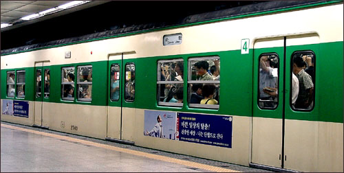 눈 둘 곳도 없이 실려가는 빽빽한 사람들의 이미지. 척하면 척 떠오른다. 아주 상징적이다.
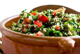 Golden beet and beet-greens salad with yogurt, mint and dill
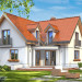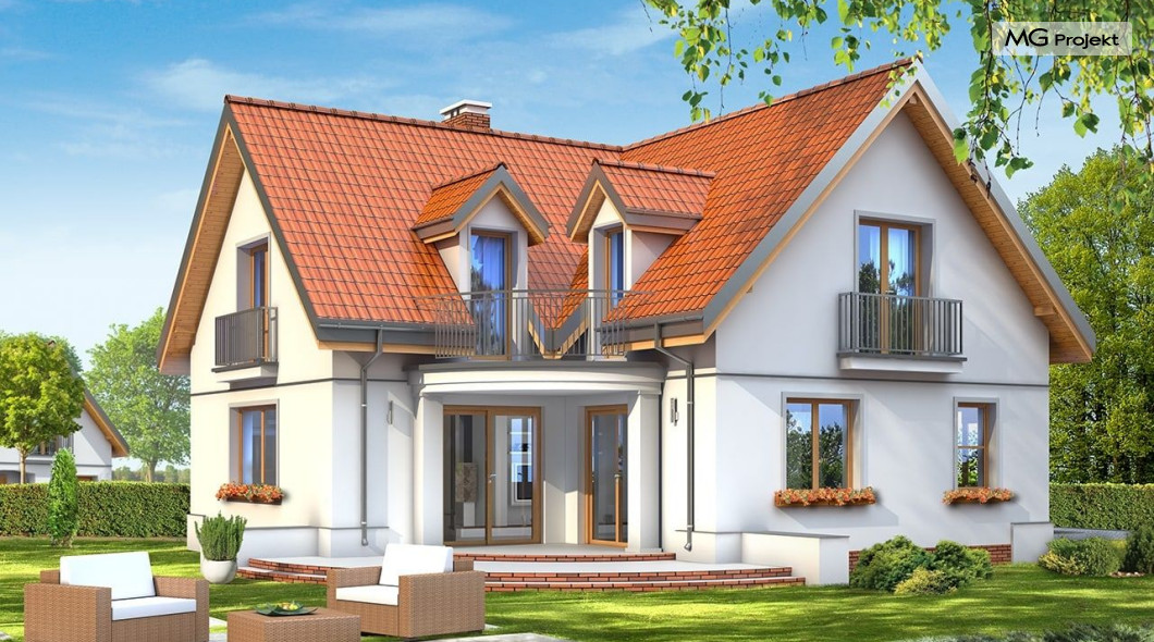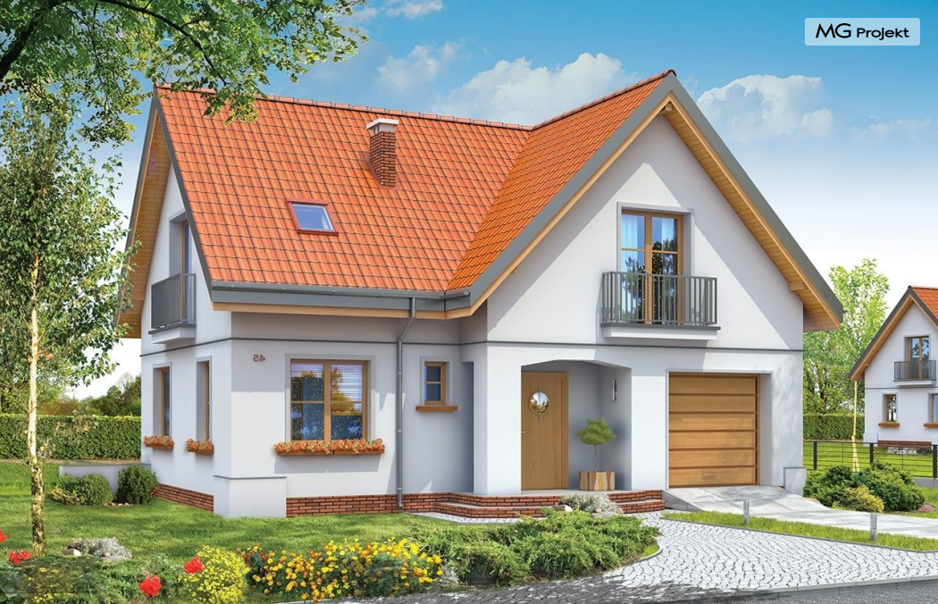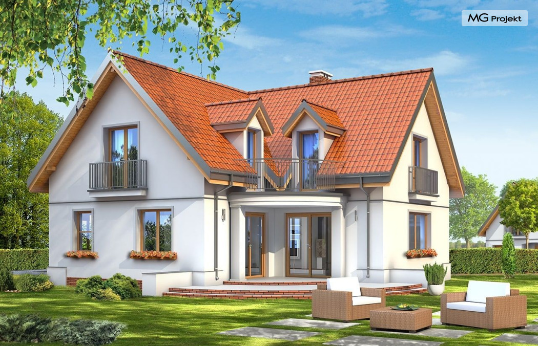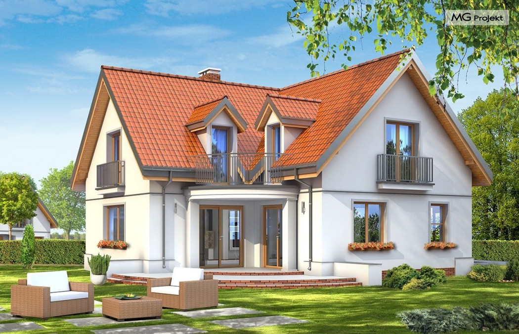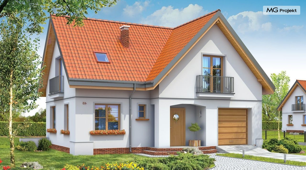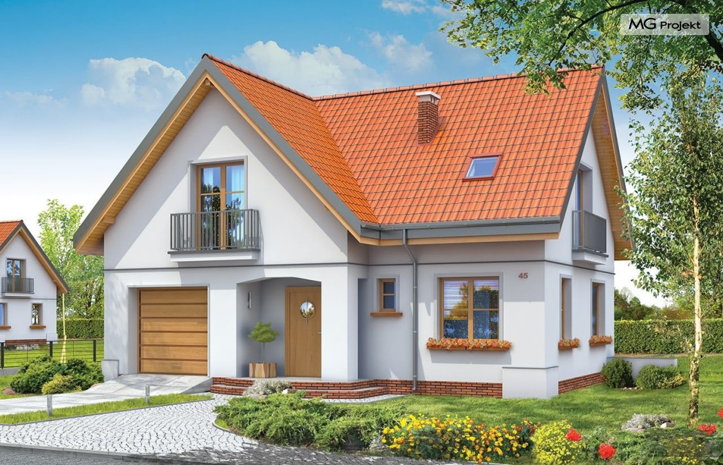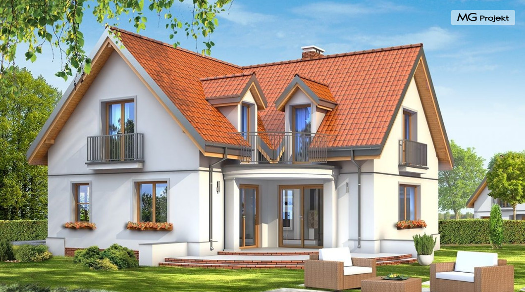 Projekt domu Elka to budynek jednorodzinny przewidziany dla rodziny cztero-pięcioosobowej. Projekt domu Elka to parterowy budynek z poddaszem użytkowym, z wbudowanym w bryłę garażem jednostanowiskowym. Dom ma rzut w kształcie litery "L" i przykryty jest dwuspadowymi symetrycznymi dachami. Bryła budynku tworzy intymny zakątek tarasowy od strony ogrodu - częściowo zadaszony. Tradycyjna forma domu w połączeniu z oszczędnym współczesnym detalem tworzą spójne, bardzo proporcjonalne elewacje zewnętrzne. Podcień drzwi frontowych, oraz balkony i lukarny urozmaicają bryłę. Duże przeszklone otwarcia wnętrza na taras zapewnią dobre doświetlenie i kontakt wnętrza z ogrodem. Na parterze zaprojektowano jednoprzestrzenne wnętrze dzienne, z wyodrębnionym salonem, jadalnią, holem i częściowo zamkniętą kuchnią. W projekcie domku Elka przewidziano również garaż i kotłownię. Na poddaszu miejsce znalazły trzy duże sypialnie, z garderobami, oraz obszerna łazienka. Pracownia posiada również wariant projektu domu Elka w odbiciu lustrzanym.

> **INSTRUCTIONS TO FOLLOW**
Set down the material above exactly as written, but not the pictures.

> **OUTPUT FOR THIS EXERCISE**
 눈 둘 곳도 없이 실려가는 빽빽한 사람들의 이미지. 척하면 척 떠오른다. 아주 상징적이다.
 Golden beet and beet-greens salad with yogurt, mint and dill
 Projekt domu Elka to budynek jednorodzinny przewidziany dla rodziny cztero-pięcioosobowej. Projekt domu Elka to parterowy budynek z poddaszem użytkowym, z wbudowanym w bryłę garażem jednostanowiskowym. Dom ma rzut w kształcie litery "L" i przykryty jest dwuspadowymi symetrycznymi dachami. Bryła budynku tworzy intymny zakątek tarasowy od strony ogrodu - częściowo zadaszony. Tradycyjna forma domu w połączeniu z oszczędnym współczesnym detalem tworzą spójne, bardzo proporcjonalne elewacje zewnętrzne. Podcień drzwi frontowych, oraz balkony i lukarny urozmaicają bryłę. Duże przeszklone otwarcia wnętrza na taras zapewnią dobre doświetlenie i kontakt wnętrza z ogrodem. Na parterze zaprojektowano jednoprzestrzenne wnętrze dzienne, z wyodrębnionym salonem, jadalnią, holem i częściowo zamkniętą kuchnią. W projekcie domku Elka przewidziano również garaż i kotłownię. Na poddaszu miejsce znalazły trzy duże sypialnie, z garderobami, oraz obszerna łazienka. Pracownia posiada również wariant projektu domu Elka w odbiciu lustrzanym.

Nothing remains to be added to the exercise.